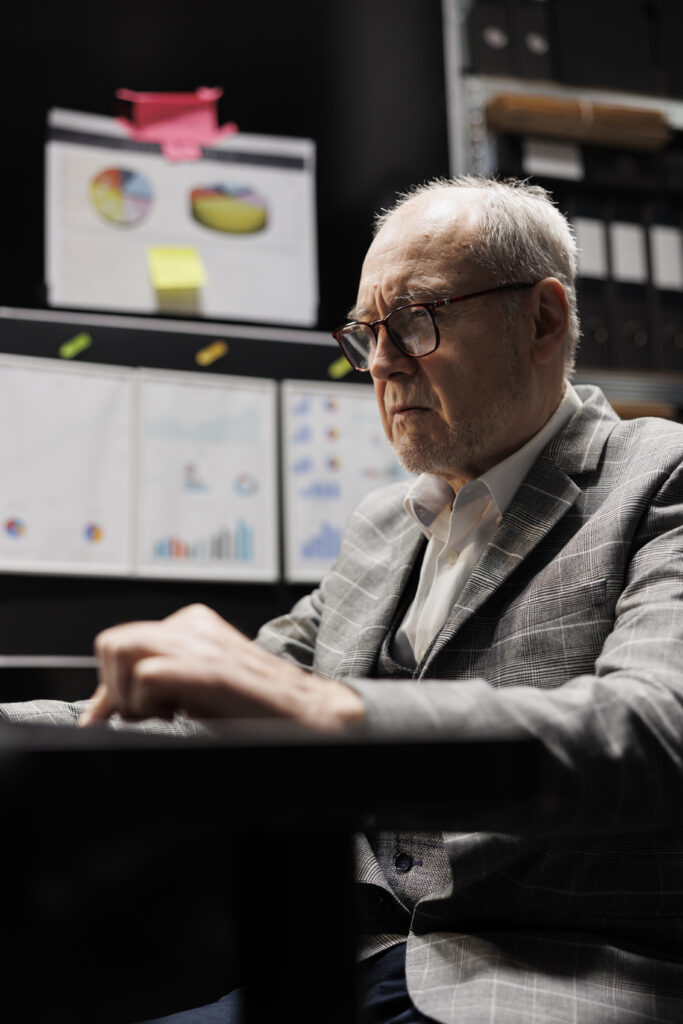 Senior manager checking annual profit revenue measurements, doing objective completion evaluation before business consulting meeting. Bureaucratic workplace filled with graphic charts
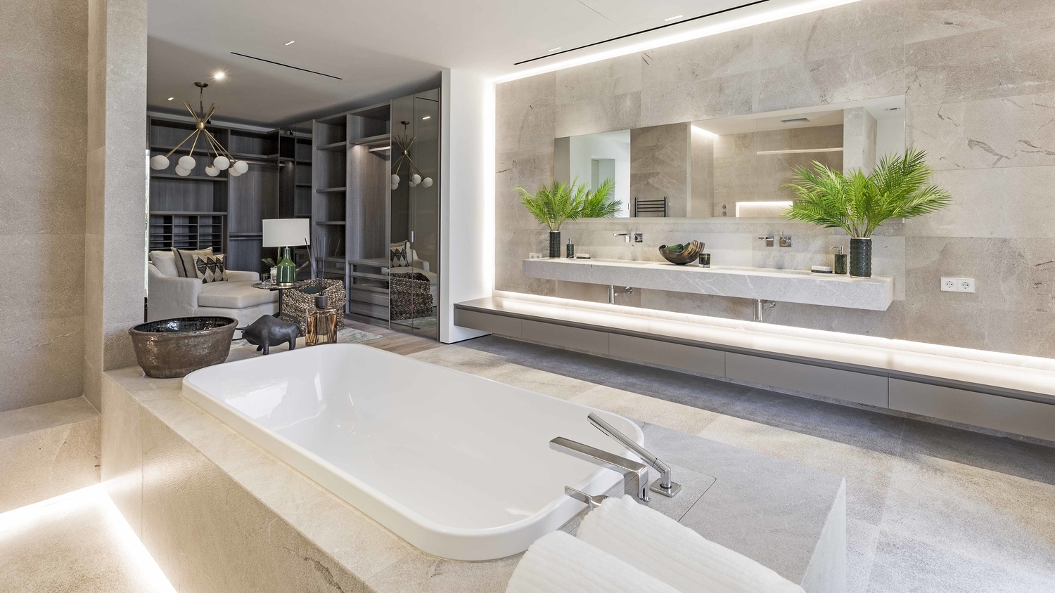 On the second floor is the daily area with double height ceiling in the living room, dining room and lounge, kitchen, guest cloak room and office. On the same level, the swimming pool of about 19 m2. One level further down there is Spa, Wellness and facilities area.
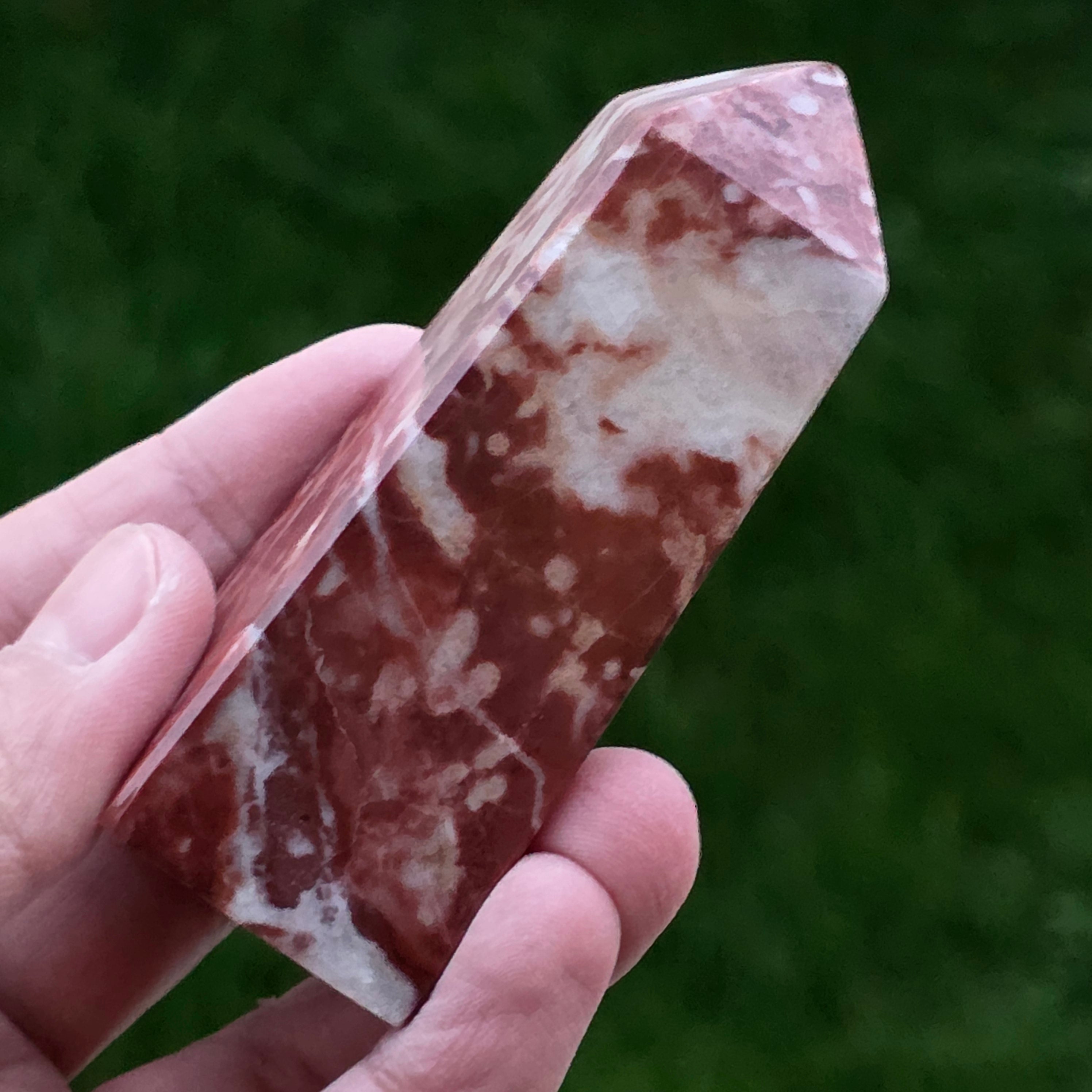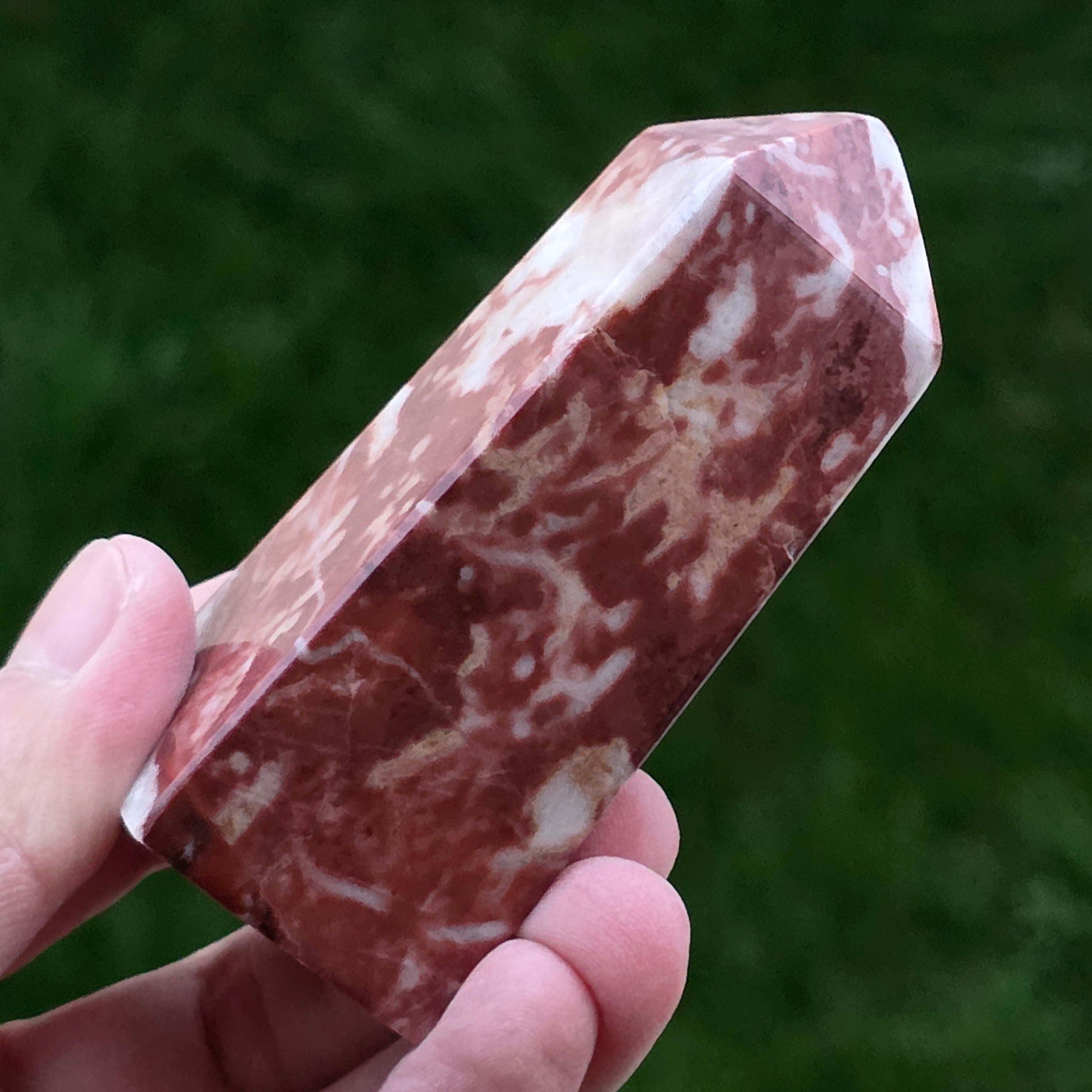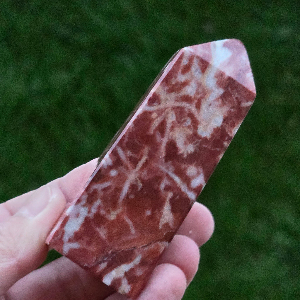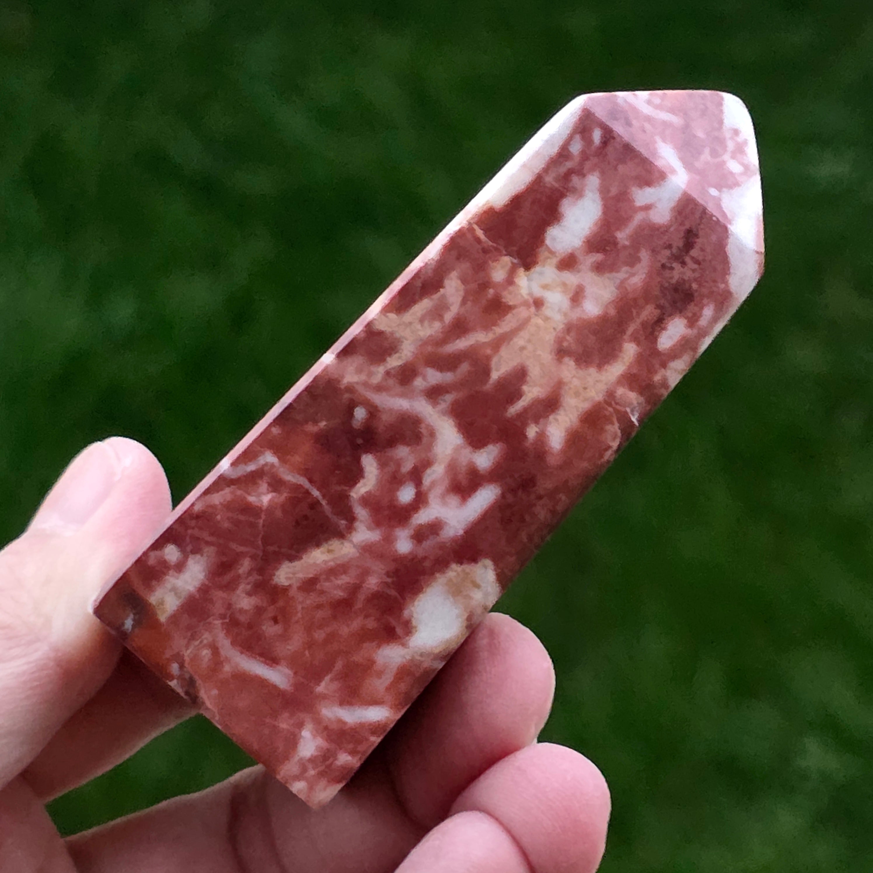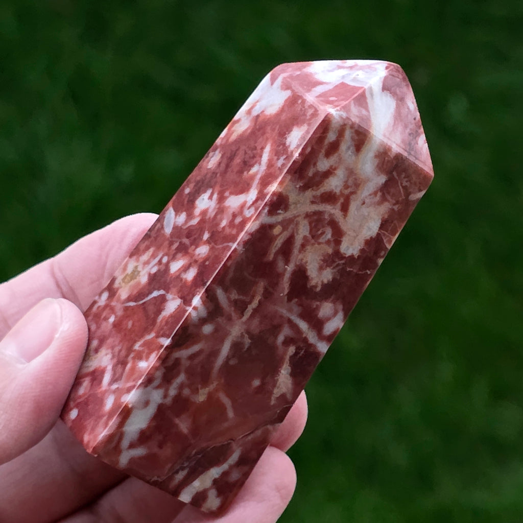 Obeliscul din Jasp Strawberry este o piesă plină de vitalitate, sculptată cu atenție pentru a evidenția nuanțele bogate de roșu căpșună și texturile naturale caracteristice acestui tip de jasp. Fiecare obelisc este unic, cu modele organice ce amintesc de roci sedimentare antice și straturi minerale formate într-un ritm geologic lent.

About this exercise. Please provide a faithful transcription of all the data, pictures excluded.

Result.
 Senior manager checking annual profit revenue measurements, doing objective completion evaluation before business consulting meeting. Bureaucratic workplace filled with graphic charts
 On the second floor is the daily area with double height ceiling in the living room, dining room and lounge, kitchen, guest cloak room and office. On the same level, the swimming pool of about 19 m2. One level further down there is Spa, Wellness and facilities area.
 Obeliscul din Jasp Strawberry este o piesă plină de vitalitate, sculptată cu atenție pentru a evidenția nuanțele bogate de roșu căpșună și texturile naturale caracteristice acestui tip de jasp. Fiecare obelisc este unic, cu modele organice ce amintesc de roci sedimentare antice și straturi minerale formate într-un ritm geologic lent.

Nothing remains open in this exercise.